Not quite as earth-changing as lighting, blue lasers are also the reason Blu-ray disks have that name (if anyone still uses them rather than streaming). They are/were read using blue lasers operating at 405nm wavelength.

At IEDM in San Francisco last week, Hiroshi Amano, now a Nobel Laureate of course, presented the Plenary Session on Wednesday. His talk was titled Development of Sustainable Smart Society Based on Transformative Electronics.

At one level, the LED light is important just because it is efficient. For us in the developed world, this is nice-to-have. But in a lot of the world, people lack access to electricity grids, and LED lights can be powered by cheap local solar power and a small battery. If you are a nomadic Mongolian, you can light your yurt with bright low-power LEDs (or you can watch your satellite TV, see the arrow).

GaN to Conquer the World...Maybe

But GaN is a wide bandgap device and so is useful for more than just blue LEDs. He pointed out that total electricity consumption could be reduced by nearly 10% by switching from Si-based transistors to GaN-based transistors. I assume he just means power transistors. There, GaN transistors are 1/10 of the physical size and nearly 1/10 of the power loss (5% for Si versus 0.75% for GaN).

 A little bit more SciFi is that GaN could form the basis of a future wireless power transmission network. Instead of using inductive coupling, like current wireless charging for things like smartphones, it would use electric field coupling at frequencies up to 27MHz. The plate electrodes could be under the floor or in the wall, and charge devices anywhere in the room.

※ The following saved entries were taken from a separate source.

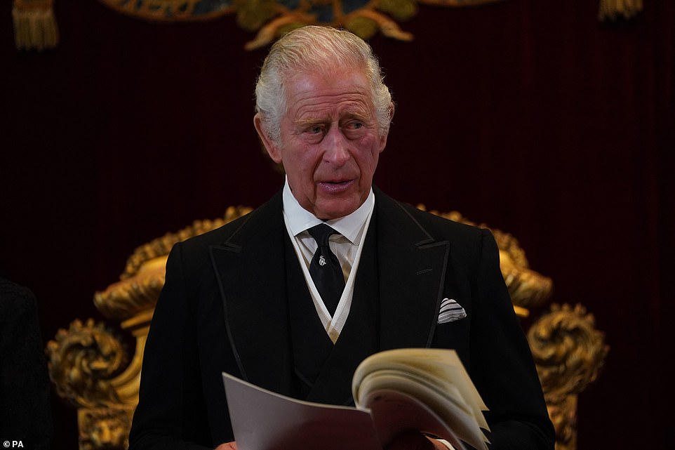 Moreover, plenty of well-wishers could be heard in the background, cheering the new Sovereign on after his Rolls Royce arrived this afternoon at Buckingham Palace.
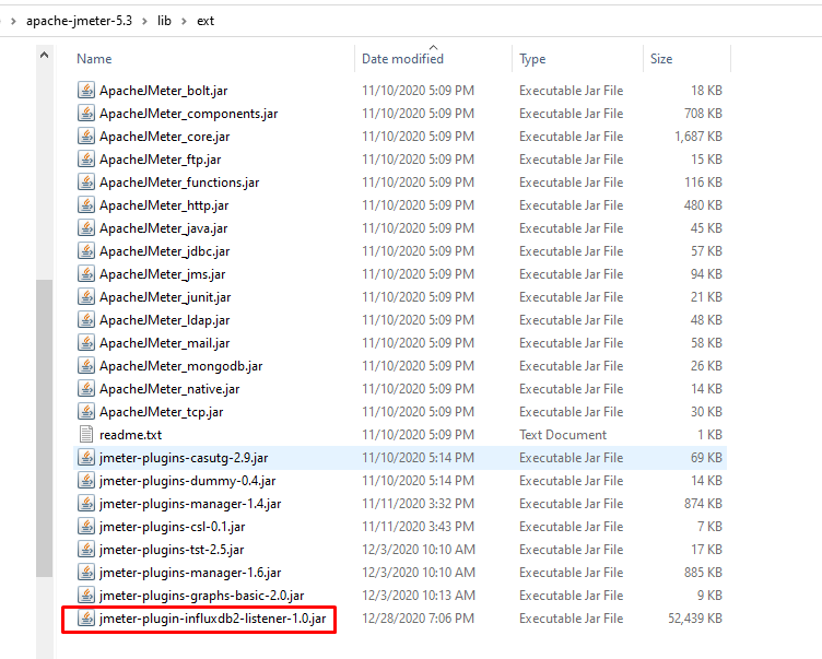 ~\[JmeterPath]\lib\ext에jmeter-plugin-influxdb2-listener-<version>.jar 파일 추가
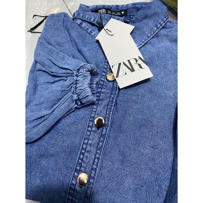 Pakaian Wanita > Denim > Atasan Denim > kemeja denin zara tangan karet
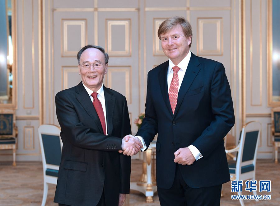 應(yīng)荷蘭首相呂特邀請,國家副主席王岐山當(dāng)?shù)貢r(shí)間5月28日至30日訪問荷蘭,分別會(huì)見威廉-亞歷山大國王和呂特首相。這是5月29日,王岐山在海牙會(huì)見荷蘭國王威廉-亞歷山大。 新華社記者 饒愛民 攝
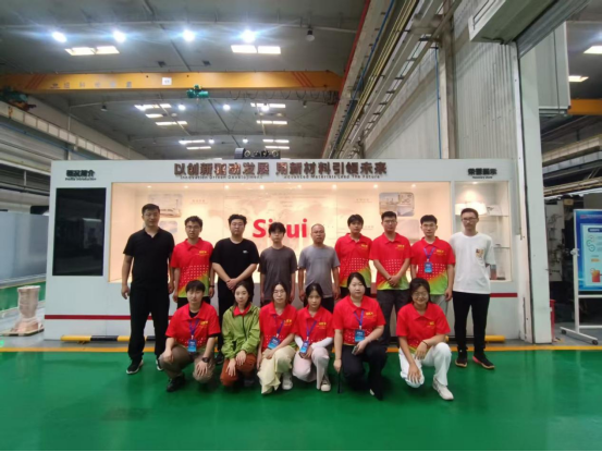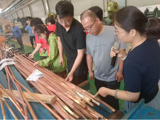 在陕西斯瑞新材料股份有限公司相关负责人的陪同下,王旭东、白海强一行深入企业生产车间,实地考察了铜基复合材料的制造过程。从原材料熔炼、半连续挤压成型,到精密机加工及最终产品检测,学院教师详细了解了企业的生产工艺、技术优势及行业应用场景。企业技术人员现场讲解了高性能铜基复合材料在新能源、电力电子等领域的关键作用,并介绍了企业在技术创新和智能制造方面的最新进展。
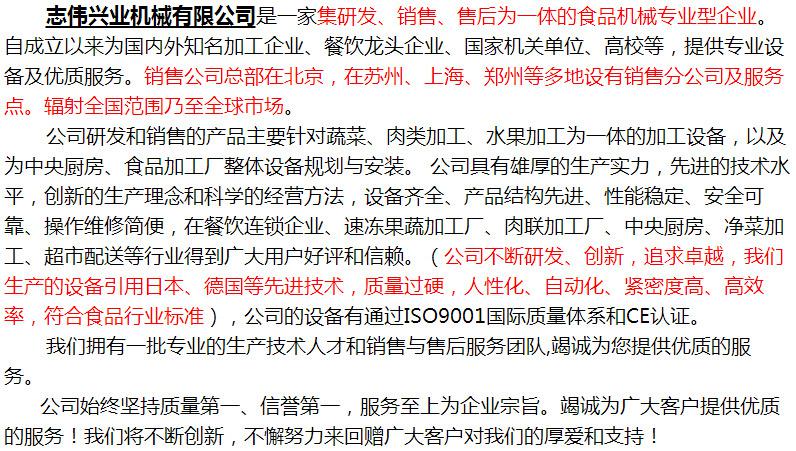 台湾志伟机械从事切菜机、洗菜机、切肉机、锯骨机、真空包装机、搅拌机 、滚揉机、脱水机 等 研发生产为一体的综合性企业。
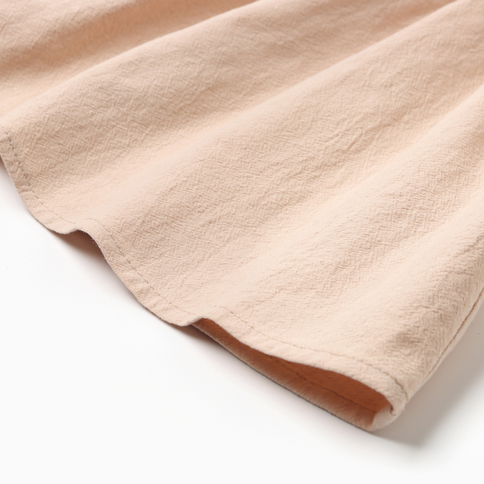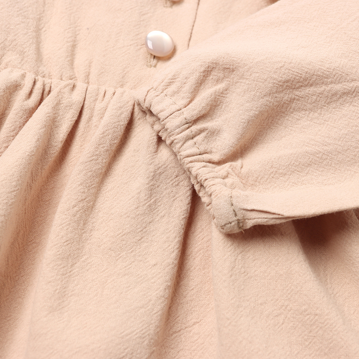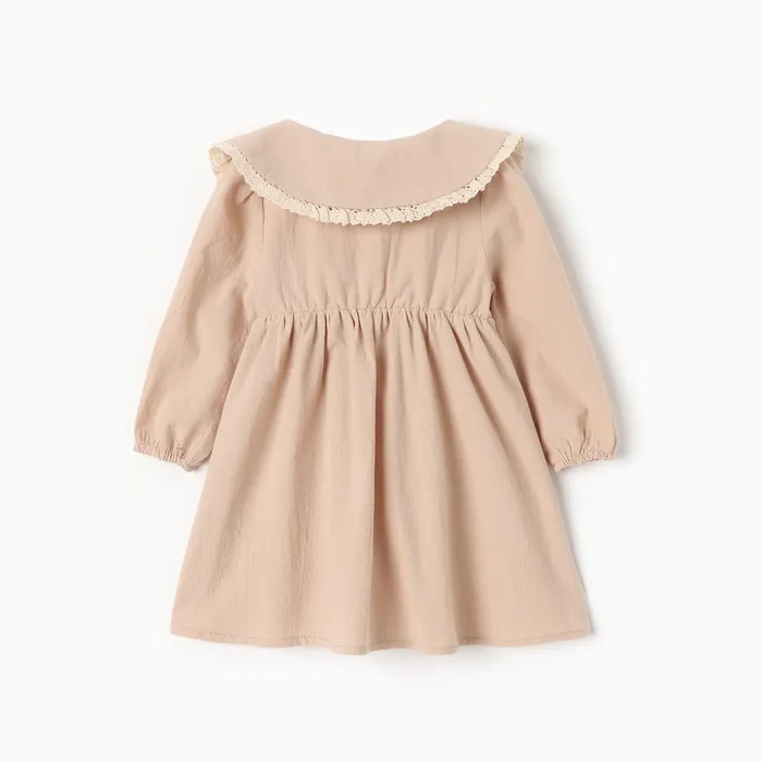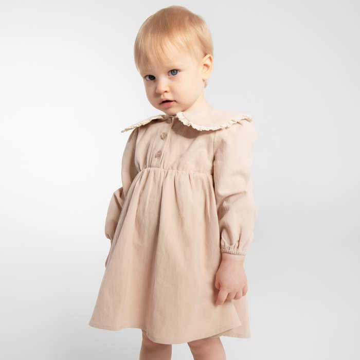 Летнее платье для девочки в нежном бежевом цвете создано из хлопковой ткани, которая отлично подходит для тёплых дней. Свободный покрой и классическая длина до колен делают изделие комфортным для активных игр и прогулок. Воротник и длинный рукав добавляют функциональности и аккуратности образу, а однотонный дизайн в сочетании с клёш-юбкой подчеркивают естественную простоту и элегантность.
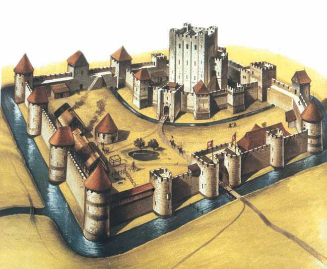 Начиная с VIII века для защиты от нападений норманнов и венгров в Европе было построено немало замков. Постепенно каждый господин старался соорудить себе замок: в зависимости от возможностей — огромный или скромный. Замок — это жилище феодала и его крепость Сначала замки строили из дерева, позднее— из камня. Мощные стены с зубчатыми башнями служили надежной защитой. Замок часто возводили на холме или высокой скале, окружали широким рвом с водой. Иногда его строили на острове посреди реки или озера. Через ров или протоку перекидывали подъемный мост, на ночь и при нападении врага его поднимали на цепях. Из башни над воротами постоянно обозревала окрестности стража и, заметив в отдалении врага, трубила сигнал тревоги. Тогда воины спешили занять свои места на стенах и в башнях. Чтобы проникнуть в замок, надо было преодолеть много препятствий. Враги должны были засыпать ров, по открытому пространству одолеть холм, подойти к стенам, взобраться на них по приставленным штурмовым лестницам ил
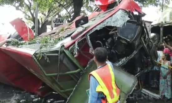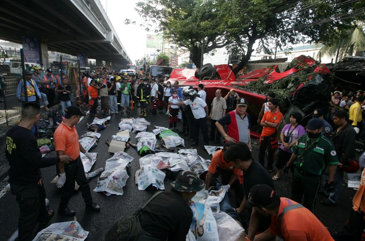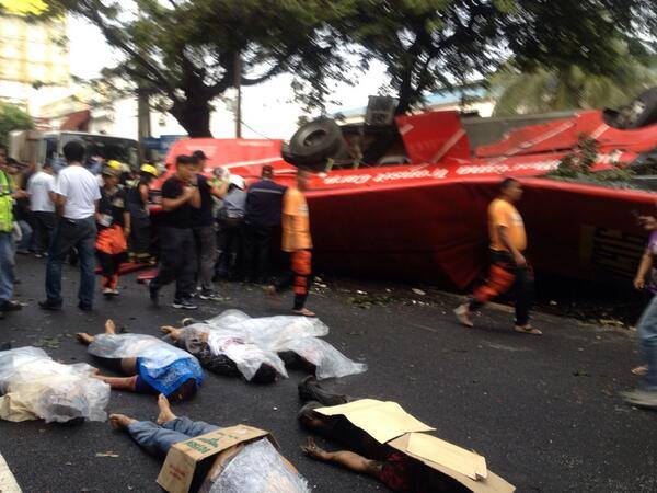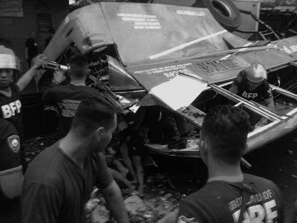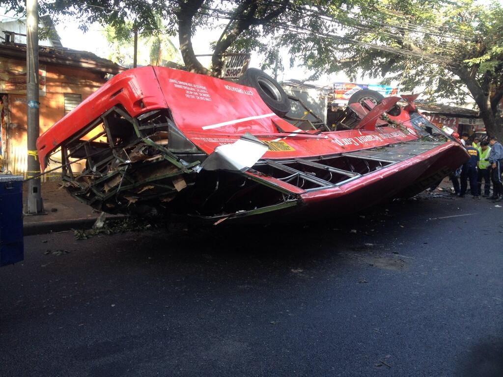 Images of bus that fell from Skyway this morning (Warning: Some pics are a bit too graphic) by AlabangBulletin · December 16, 2013 Photos from DZMM Radyo Patrol Dennis Datu (@dennis_datu) Photo by Michael Varcas (from Manila Bulletin) Photos by JM Lago (Solar News) Photo by EPA/Francis Malasig (from Rappler.com)
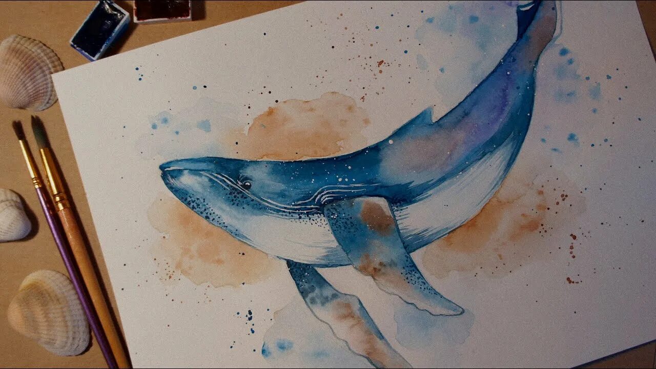 Тема следующего занятия - удивительный морской гигант, символ силы и гармонии - кит. Вас ожидает практическое занятие по созданию акварельного эскиза.
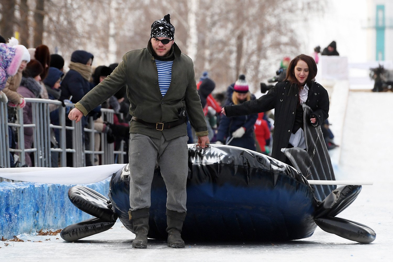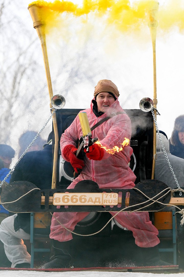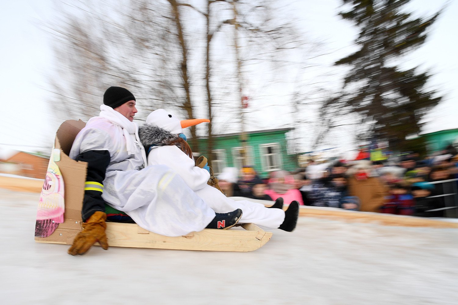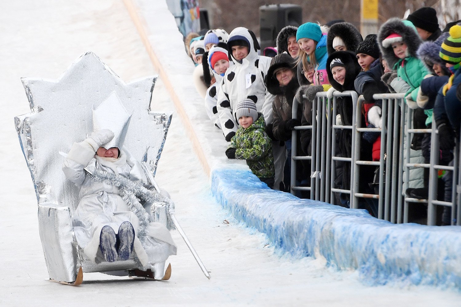 La localidad tártara de Mamadysh, en Rusia, fue escenario este sábado de un vistoso concurso de trineos improvisados. En el certamen participaron unos treinta equipos que construyeron trineos con sus propias manos y comparecieron con disfraces especiales. Los modelos de estos entusiastas 'ingenieros' compitieron tanto en velocidad como en distancia recorrida. Hubo trineos en forma de tanque, trono con reina de las nieves, barco pirata hinchable y hasta un campo de fútbol con portería y todo.
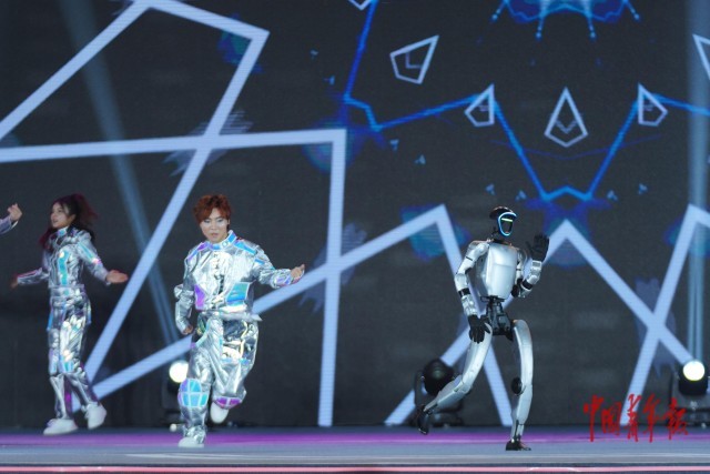 10月12日晚,江苏南京,“把青春华章写在祖国大地上”活动现场,人形机器人与人类共跳街舞。中青报·中青网记者 田嘉硕/摄
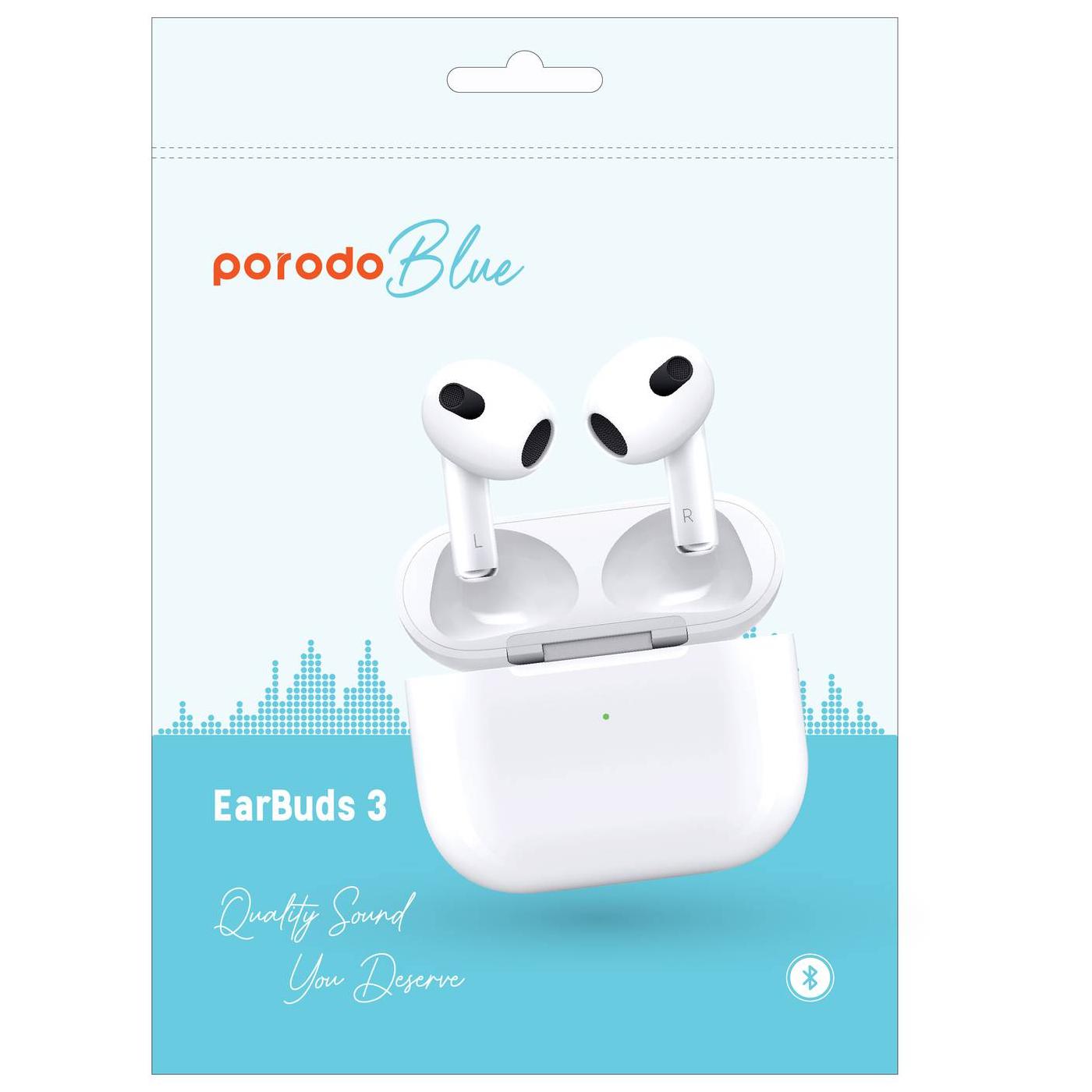 Porodo Blue Deep Bass Wireless Earbuds 3 – White

 Despite the somewhat touch-feely title of his talk, it was a very technical presentation about GaN, in particular horizontal high electron mobility structures (HEMTs) and vertical p-n diodes. I won't cover that in detail. Like most people in the world, I fall into the class of non-device-physicists, and I won't pretend to understand all of what he said, and it is the wrong level for an article like this anyway

So that is a 50 year saga going from Stanford to Nagoya to San Francisco, by way of Stockholm.